REQUIRED WORK:
For the entries below, repeat exactly each line starting with the one that contains "没有别的东西用→ →刀片太软" and going on through the one that contains "Botník s čtyřmi", and no others.

ENTRIES PROVIDED:

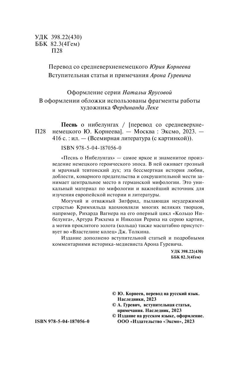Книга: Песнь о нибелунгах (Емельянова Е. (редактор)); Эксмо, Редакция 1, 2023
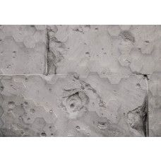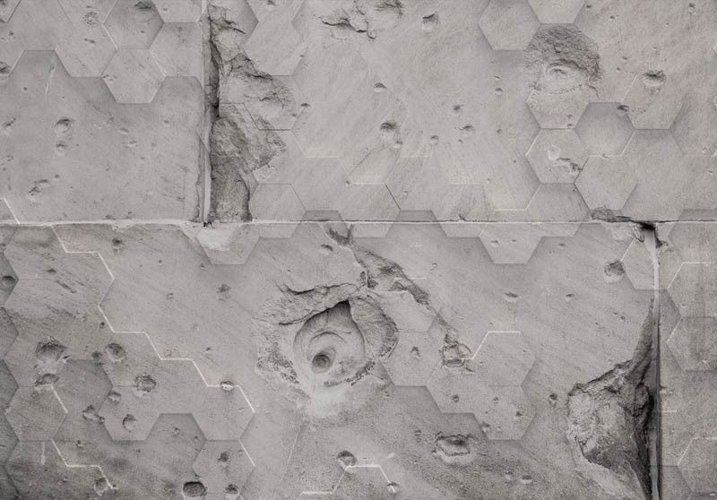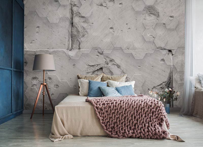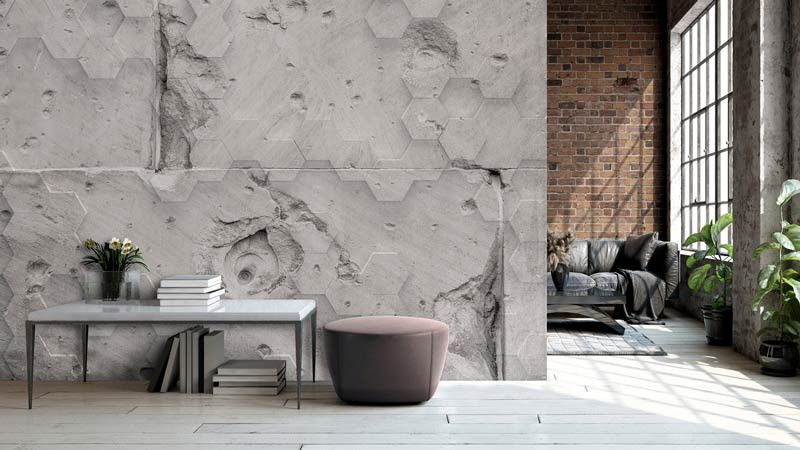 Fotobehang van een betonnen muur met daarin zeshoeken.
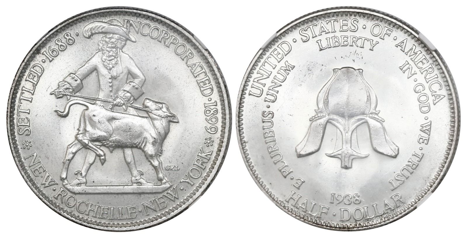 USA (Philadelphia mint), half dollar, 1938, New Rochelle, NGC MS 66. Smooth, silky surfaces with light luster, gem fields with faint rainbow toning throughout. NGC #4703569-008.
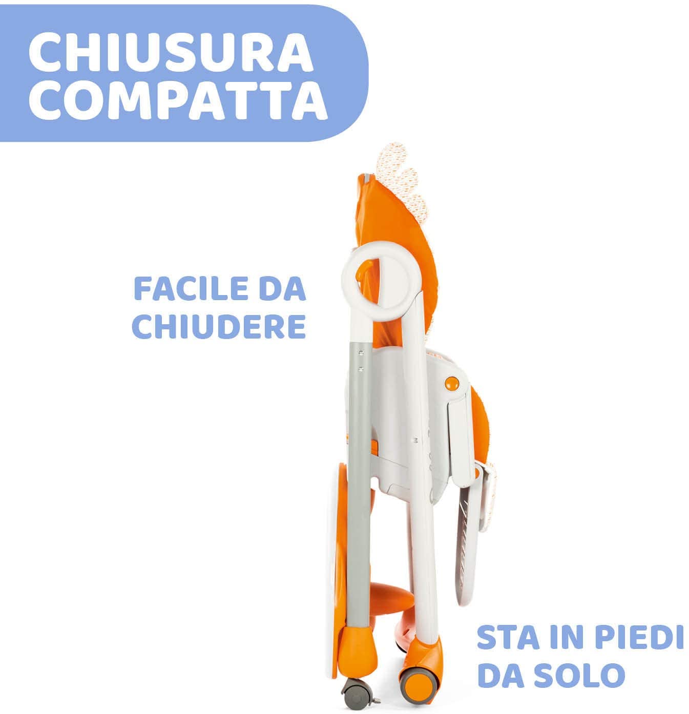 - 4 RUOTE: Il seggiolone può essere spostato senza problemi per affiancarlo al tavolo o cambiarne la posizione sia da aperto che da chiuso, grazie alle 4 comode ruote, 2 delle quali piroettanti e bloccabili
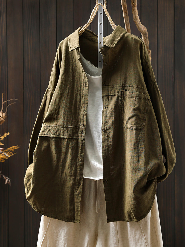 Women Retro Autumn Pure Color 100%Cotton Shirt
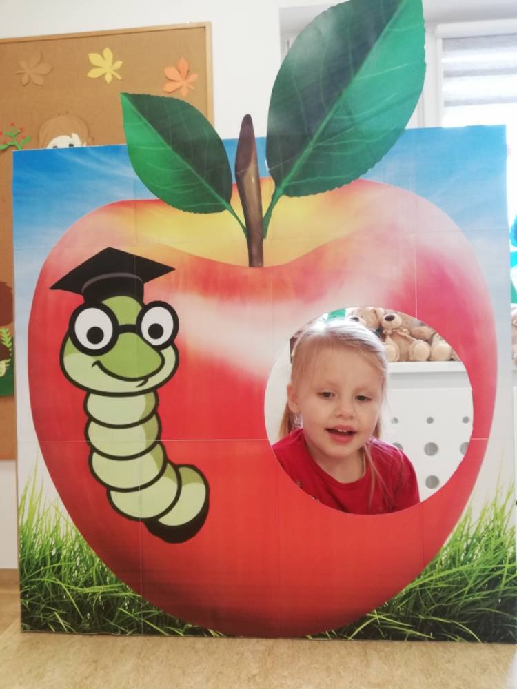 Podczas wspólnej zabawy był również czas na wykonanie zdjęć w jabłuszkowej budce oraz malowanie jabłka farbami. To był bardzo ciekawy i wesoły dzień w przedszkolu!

==

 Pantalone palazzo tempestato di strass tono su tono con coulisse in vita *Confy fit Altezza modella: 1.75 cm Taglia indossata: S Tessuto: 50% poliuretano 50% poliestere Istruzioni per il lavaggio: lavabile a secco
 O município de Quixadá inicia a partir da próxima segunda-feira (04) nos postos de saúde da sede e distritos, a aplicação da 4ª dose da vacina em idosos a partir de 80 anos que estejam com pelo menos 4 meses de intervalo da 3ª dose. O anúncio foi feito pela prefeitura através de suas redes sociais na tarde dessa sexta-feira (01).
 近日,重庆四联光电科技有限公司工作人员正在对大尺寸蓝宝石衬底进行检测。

--

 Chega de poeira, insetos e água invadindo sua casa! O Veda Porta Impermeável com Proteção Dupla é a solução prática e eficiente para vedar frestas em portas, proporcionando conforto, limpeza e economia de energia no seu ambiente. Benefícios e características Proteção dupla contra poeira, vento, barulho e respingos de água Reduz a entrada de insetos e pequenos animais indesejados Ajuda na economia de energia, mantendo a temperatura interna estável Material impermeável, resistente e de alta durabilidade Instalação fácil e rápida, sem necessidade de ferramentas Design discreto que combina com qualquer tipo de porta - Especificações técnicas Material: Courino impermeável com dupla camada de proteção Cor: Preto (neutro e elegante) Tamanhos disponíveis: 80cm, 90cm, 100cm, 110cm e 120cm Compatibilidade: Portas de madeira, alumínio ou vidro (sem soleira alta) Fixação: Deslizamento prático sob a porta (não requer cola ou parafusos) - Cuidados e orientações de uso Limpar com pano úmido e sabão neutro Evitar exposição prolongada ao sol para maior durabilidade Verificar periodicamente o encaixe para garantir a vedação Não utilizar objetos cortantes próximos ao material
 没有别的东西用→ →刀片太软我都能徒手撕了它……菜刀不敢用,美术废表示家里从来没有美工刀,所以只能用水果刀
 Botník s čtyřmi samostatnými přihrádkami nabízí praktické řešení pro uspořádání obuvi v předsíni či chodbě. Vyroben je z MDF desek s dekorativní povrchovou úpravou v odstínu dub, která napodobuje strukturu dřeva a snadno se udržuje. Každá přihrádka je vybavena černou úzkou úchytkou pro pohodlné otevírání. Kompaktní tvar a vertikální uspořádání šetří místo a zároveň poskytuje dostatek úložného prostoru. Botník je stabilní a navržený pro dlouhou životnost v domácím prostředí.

ANSWER SECTION:
 没有别的东西用→ →刀片太软我都能徒手撕了它……菜刀不敢用,美术废表示家里从来没有美工刀,所以只能用水果刀
 Botník s čtyřmi samostatnými přihrádkami nabízí praktické řešení pro uspořádání obuvi v předsíni či chodbě. Vyroben je z MDF desek s dekorativní povrchovou úpravou v odstínu dub, která napodobuje strukturu dřeva a snadno se udržuje. Každá přihrádka je vybavena černou úzkou úchytkou pro pohodlné otevírání. Kompaktní tvar a vertikální uspořádání šetří místo a zároveň poskytuje dostatek úložného prostoru. Botník je stabilní a navržený pro dlouhou životnost v domácím prostředí.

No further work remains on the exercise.